In the time of the Bourbon Louis, he announced with ludicrous pedantry, there was an official called the hastener who was in charge of the king’s belches. Sometimes the king’s belch was slow in coming, and all the courtiers would wring their hands, quiver with impatience, and turn sorrowful countenances toward the royal valve: But let him hasten, then, let this hastener hasten the sacred belch of the king! The hastener and his king have been done away with. And belchery with them. Those are great losses indeed.
Still, I thought, not so great as Lucienne’s death. Forgive me, but my grief is as fresh, if I may so, as a vegetable. I said vegetable. I really shouldn’t have. That’s the word I often use to evoke her, so calm, so—how shall I put it—so superbly lumpish. But let us stifle our grief.

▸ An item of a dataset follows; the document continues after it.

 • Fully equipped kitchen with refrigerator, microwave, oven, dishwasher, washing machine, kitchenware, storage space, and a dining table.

And let us return to that dinner party with which I opened my lecture. We may conclude, from our thorough investigation, that while it is generally admitted that speech is the achievement of all mankind,
conversation is a specialty that is eminently French.
~
That is our first and most heartening axiom. A specialty, I emphasize this, that is not exportable. Because it is not merchandise. It is even quite the opposite. I shall come back to this essential point. At the proper time. With the methodical turn of mind that is my wont.

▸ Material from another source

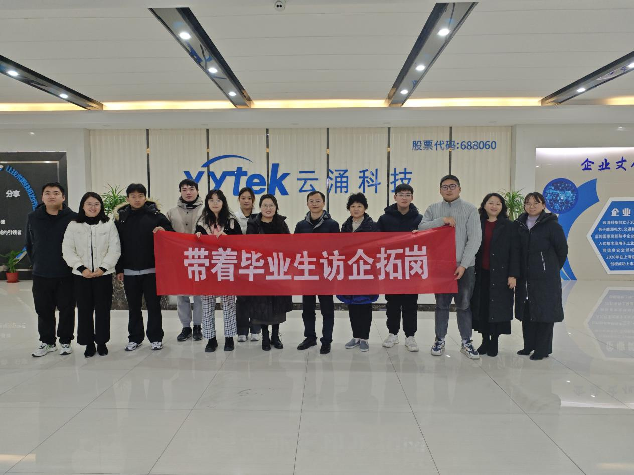 为开拓就业岗位,深化校企合作,1月3日,信息工程公司党总支书记杨智红带着部分毕业生赴江苏云涌电子科技股份有限公司考察调研。

We French, I was saying, are champions at conversation. This distinguishing trait, long elevated to the status of a national virtue, made the reputation of France and secured its reign.
Well, that art at which we excel is today in peril. I am sounding the alarm in hopes of alerting the highest authorities. Mediocrity, ladies and gentlemen, is going international. The fear of offending prevails more and more over the taste for talking. A generous spirit is discredited, if not condemned outright. It is taken for weakness of intellect. From one end to the planet to the other, conversations are all the same. Their poverty of ideas is now in fashion. And their insipidness is sickening.

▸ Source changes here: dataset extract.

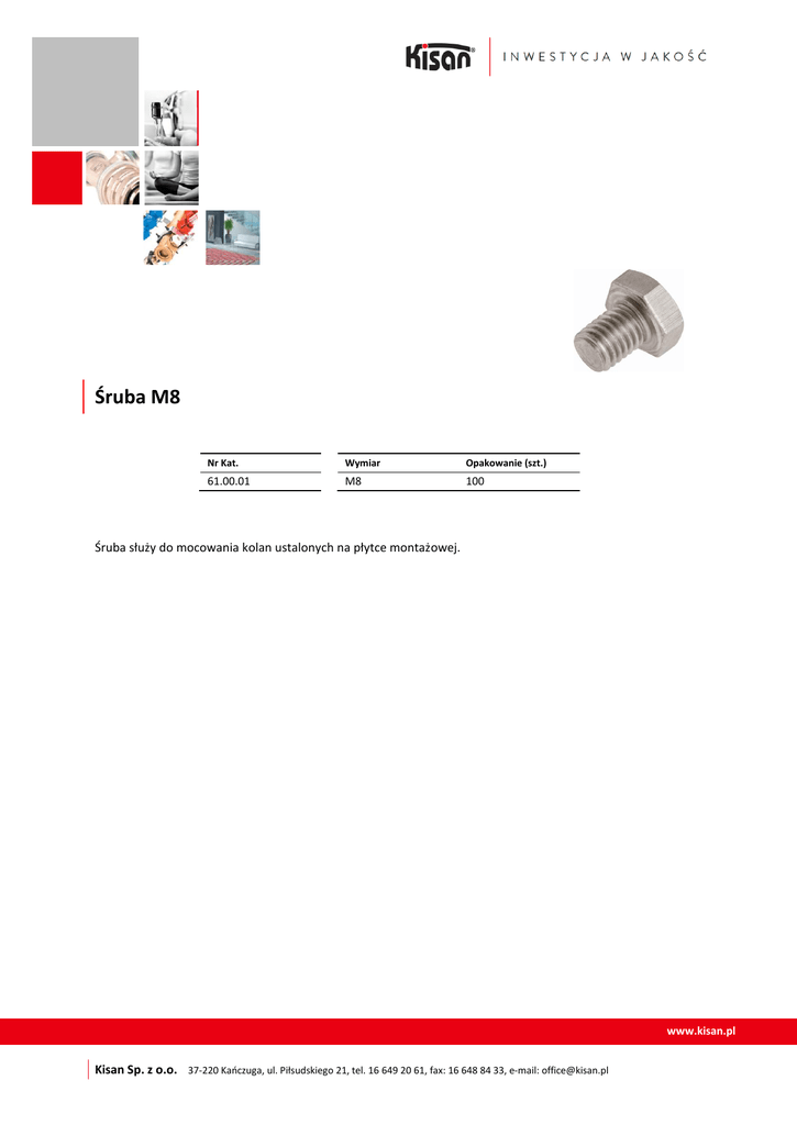 Śruba M8 Nr Kat. Wymiar Opakowanie (szt.) 61.00.01 M8 100 Śruba służy do mocowania kolan ustalonych na płytce montażowej. www.kisan.pl Kisan Sp. z o.o. 37-220 Kańczuga, ul. Piłsudskiego 21, tel. 16 649 20 61, fax: 16 648 84 33, e-mail: [email protected]

Conversation is going downhill.
~
That will be our second and most distressing axiom. We live, increasingly, without talking to one another. Is no life, then, worth the telling? We live without talking to one another and soon we will live without living, which gives me the shivers.
Conversation is going downhill and the country with it, they go hand in hand. And it is greatly to be feared, if nothing is done, that they will both wind up in the garbage. The vultures will finish the job. You can count them.
So here, dear ladies and gentlemen of Cinteagbelle, is my rescue plan, conceived in the utmost urgency and which I unhesitatingly declare to be of national utility, since by proposing to restore the luster of speech in the eyes of a world that has forgotten how to speak, it aims at nothing less than the civic renewal of our country and the polishing of its image so that, I’m catching my breath, so that, strong in its recovered prestige, the France of tomorrow may assure throughout the world the civilizing mission that has fallen to her from time immemorial. Might I ask you, children, to please stop snickering. And to stop moving your chairs around. It’s irritating.
The subtle art of conversation, however—to which, I venture to say, I have devoted my genius—offers, aside from that patriotic virtue I have just mentioned, other advantages no less excellent albeit less directly civil. And which to my astonishment have not yet been the object of any detailed study.
The first of these advantages is that conversation is very useful seducing women.
The second is that it’s even handier for succeeding in society.
The third and most surprising is that in bringing joy to mankind, it contributes appreciably to reducing the deficit of the National Health Service. A subject of satisfaction for our government.